Fixing the Photocopy Lines, Part 2

 We have spent months, literally months, trying to fix the code that uses a Hough transform to find the little white lines introduced by the photocopying process and have more problems than we anticipated.   First our code does not find all the white lines, and second it finds lines where there are no lines.

The first problem seems to be because there are lots of potential white lines, since there are so many white pixels.  The second is that some parts of the images seem to be just so that, in isolation, they can be interpreted as being part of a white line, when they are not.

But in working with the images,  I noticed that if you look at the lines so that you can see the individual pixels, like:

You can see that the white lines tend to be represented by small groups of disconnected white pixels.  It is only when you get a really big white line that you get long sections of white pixels.  And the small groups of pixels seem to be in repeating patterns. For example in the above image, the last group of pixels in the last line is repeated earlier in that line, as well as in the line above it.

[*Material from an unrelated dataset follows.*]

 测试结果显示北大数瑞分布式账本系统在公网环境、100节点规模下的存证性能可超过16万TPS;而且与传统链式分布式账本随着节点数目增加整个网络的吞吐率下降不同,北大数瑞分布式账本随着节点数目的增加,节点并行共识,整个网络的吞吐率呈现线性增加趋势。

So it looks like, if we scan the images for small groups of white pixels -- say something that would fit in an 8x8 square, and count how many times those patterns are repeated in the images, then we can take the most common ones and when we find them in an image, fill them n with black.

In fact we can use the partially fixed images from using the Hough transform and diff them with the original images to get just bits that we believe are in little white lines.  From that we can produce a list of the most frequent patterns, and then use those patterns on the original images to find a larger set of little white lines.

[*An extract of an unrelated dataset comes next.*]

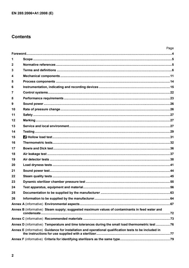 EN 285:2006+A1:2008 is a standard published by the European Committee for Standardization (CEN). Its full title is "Sterilization - Steam sterilizers - Large sterilizers". This standard covers: 1.1 This European Standard specifies requirements and the relevant tests for large steam sterilizers primarily used in health care for the sterilization of medical devices and their accessories contained in one or more sterilization modules. The test loads described in this European Standard are selected to represent the majority of loads (i.e. wrapped goods consisting of metal, rubber and porous materials) for the evaluation of general purpose steam sterilizer for medical devices. However, specific loads (e.g. heavy metal objects or long and/or narrow lumen) will require the use of other test loads. Large steam sterilizers can also be used during the commercial production of medical devices. 1.2 This European Standard is not applicable to steam sterilizers designed to process a size of load less than one sterilization module or having a chamber volume less than 60 l. 1.3 This European Standard does not describe a quality assurance system for the control of all stages of the manufacture of the sterilizer. NOTE Attention is drawn to the standards for quality management systems e.g. EN ISO 13485. 1.4 Planning and design of products applying to this European Standard should consider the environmental impact from the product during its life cycle. Environmental aspects are addressed in Annex A. NOTE Additional aspects of environmental impact are addressed in EN ISO 14971.

Writing a program to find the patterns, produces thousands of potential patterns, but looking at the frequencies, most patterns occur in just a few places -- less than 10.  There are 776 patterns of more than 10 occurrences, and they are no bigger than 7x7.

A second program can find those patterns.  The pattern is all white, but we believe it should be black.  To observe what we are finding, we set the pixels to green.  This produces an output file like:

Notice that a lot of the previous white lines have been filled in.  Not all of the line is filled in, since we are requiring each pattern to be white pixels surrounded by black pixels.  If the white pixels are too close, we do not replace them.  And if the white line is just too big, we don't find anything at all.  And if the white line goes thru a vertical black line, just leaving a gap in the black line, we miss that too.

But if we now use these green pixels to drive a Hough transform, we may be able to better identify the lines, and then go back and fill in the missing white pixels.  We will try that next.

Oh, and if we just count the number of green pixels on a page and plot that, ordered by the number of pixels, tagging each file with it's file name, it becomes clear that the problem is almost exclusively with the odd pages (the back sides) and not the even pages.


The sudden jump in the number of green pixels is from 20K green pixels for p128 to 40K green pixels for p019.  All of the even pages are below p128, and all of the odd pages (except one) are above p019.  The exception is p001 which has no green pixels.  p001 is the copyright page, which we had to process by hand to make visible.

But even the even pages can have thousands of green pixels, which when looked at closely show a lower level of the same photocopy problem.  So our techniques will be applied to all the pages.